Repeat the records below exactly from the line containing "Описание и характеристики" to the line containing "Punk Cat Illustration", taking in both of those lines. Drop the pictures.

Data to examine:
————————

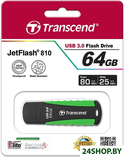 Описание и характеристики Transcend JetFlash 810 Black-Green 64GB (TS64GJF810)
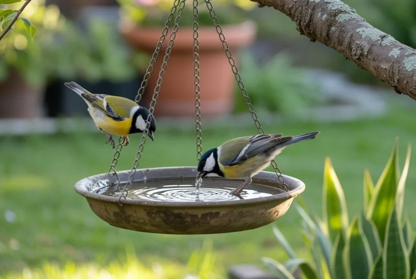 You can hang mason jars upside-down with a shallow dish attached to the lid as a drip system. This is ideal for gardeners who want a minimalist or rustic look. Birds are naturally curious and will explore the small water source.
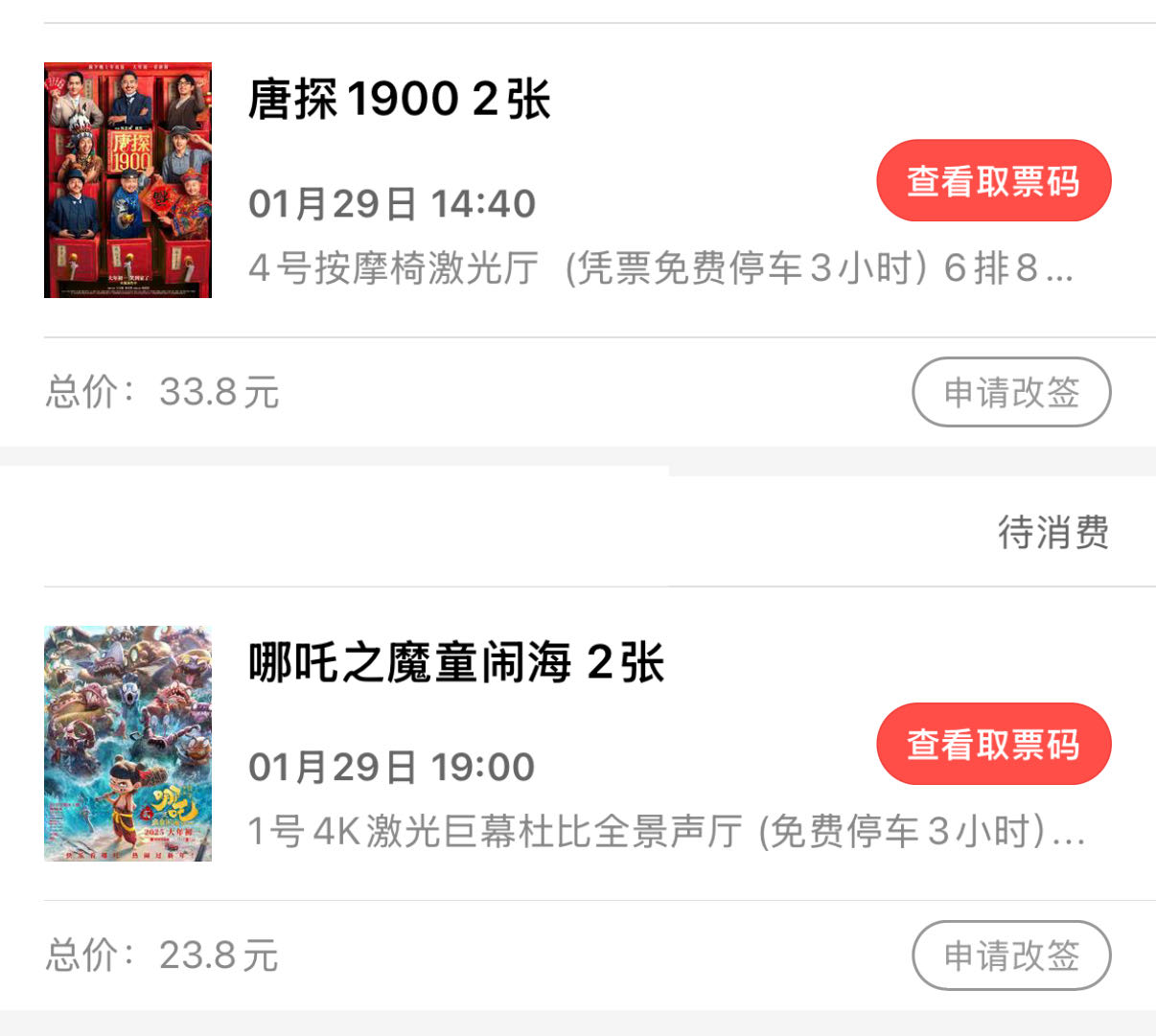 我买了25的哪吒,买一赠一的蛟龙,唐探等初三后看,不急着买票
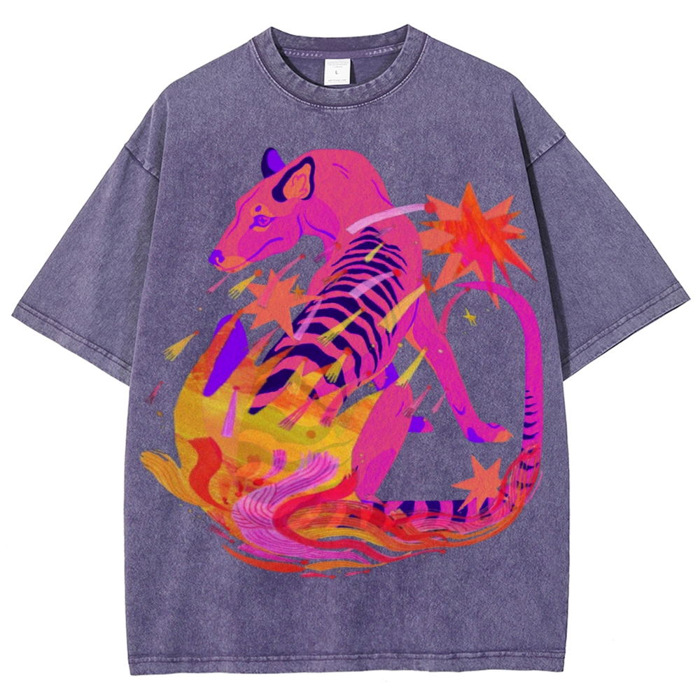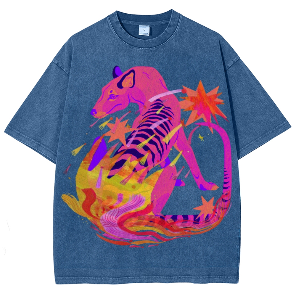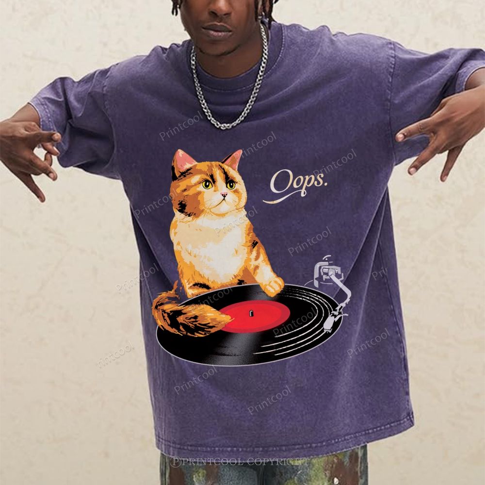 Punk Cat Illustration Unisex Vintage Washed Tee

————————

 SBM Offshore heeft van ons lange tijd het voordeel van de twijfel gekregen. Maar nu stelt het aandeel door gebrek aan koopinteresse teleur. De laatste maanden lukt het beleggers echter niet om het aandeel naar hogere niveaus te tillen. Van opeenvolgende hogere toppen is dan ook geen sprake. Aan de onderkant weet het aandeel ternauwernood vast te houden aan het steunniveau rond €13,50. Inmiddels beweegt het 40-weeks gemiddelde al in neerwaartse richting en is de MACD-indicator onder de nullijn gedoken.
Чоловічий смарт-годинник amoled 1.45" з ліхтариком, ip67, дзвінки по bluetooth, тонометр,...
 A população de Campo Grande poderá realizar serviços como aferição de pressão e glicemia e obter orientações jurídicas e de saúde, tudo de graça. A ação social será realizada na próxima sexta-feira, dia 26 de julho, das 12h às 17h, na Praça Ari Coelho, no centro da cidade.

————————

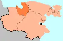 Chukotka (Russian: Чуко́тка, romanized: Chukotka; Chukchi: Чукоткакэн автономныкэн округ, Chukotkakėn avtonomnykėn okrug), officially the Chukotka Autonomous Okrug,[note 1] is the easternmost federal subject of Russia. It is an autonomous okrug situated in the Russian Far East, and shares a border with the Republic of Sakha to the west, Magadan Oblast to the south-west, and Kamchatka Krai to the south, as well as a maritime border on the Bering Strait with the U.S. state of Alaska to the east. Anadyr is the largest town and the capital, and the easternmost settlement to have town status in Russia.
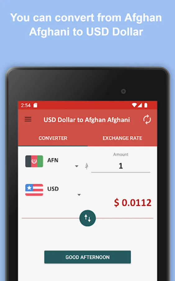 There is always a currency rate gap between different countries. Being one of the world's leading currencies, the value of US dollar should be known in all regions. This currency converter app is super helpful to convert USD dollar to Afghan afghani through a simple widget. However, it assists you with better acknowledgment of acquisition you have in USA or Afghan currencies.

————————

Result of the exercise:
 Описание и характеристики Transcend JetFlash 810 Black-Green 64GB (TS64GJF810)
 You can hang mason jars upside-down with a shallow dish attached to the lid as a drip system. This is ideal for gardeners who want a minimalist or rustic look. Birds are naturally curious and will explore the small water source.
 我买了25的哪吒,买一赠一的蛟龙,唐探等初三后看,不急着买票
 Punk Cat Illustration Unisex Vintage Washed Tee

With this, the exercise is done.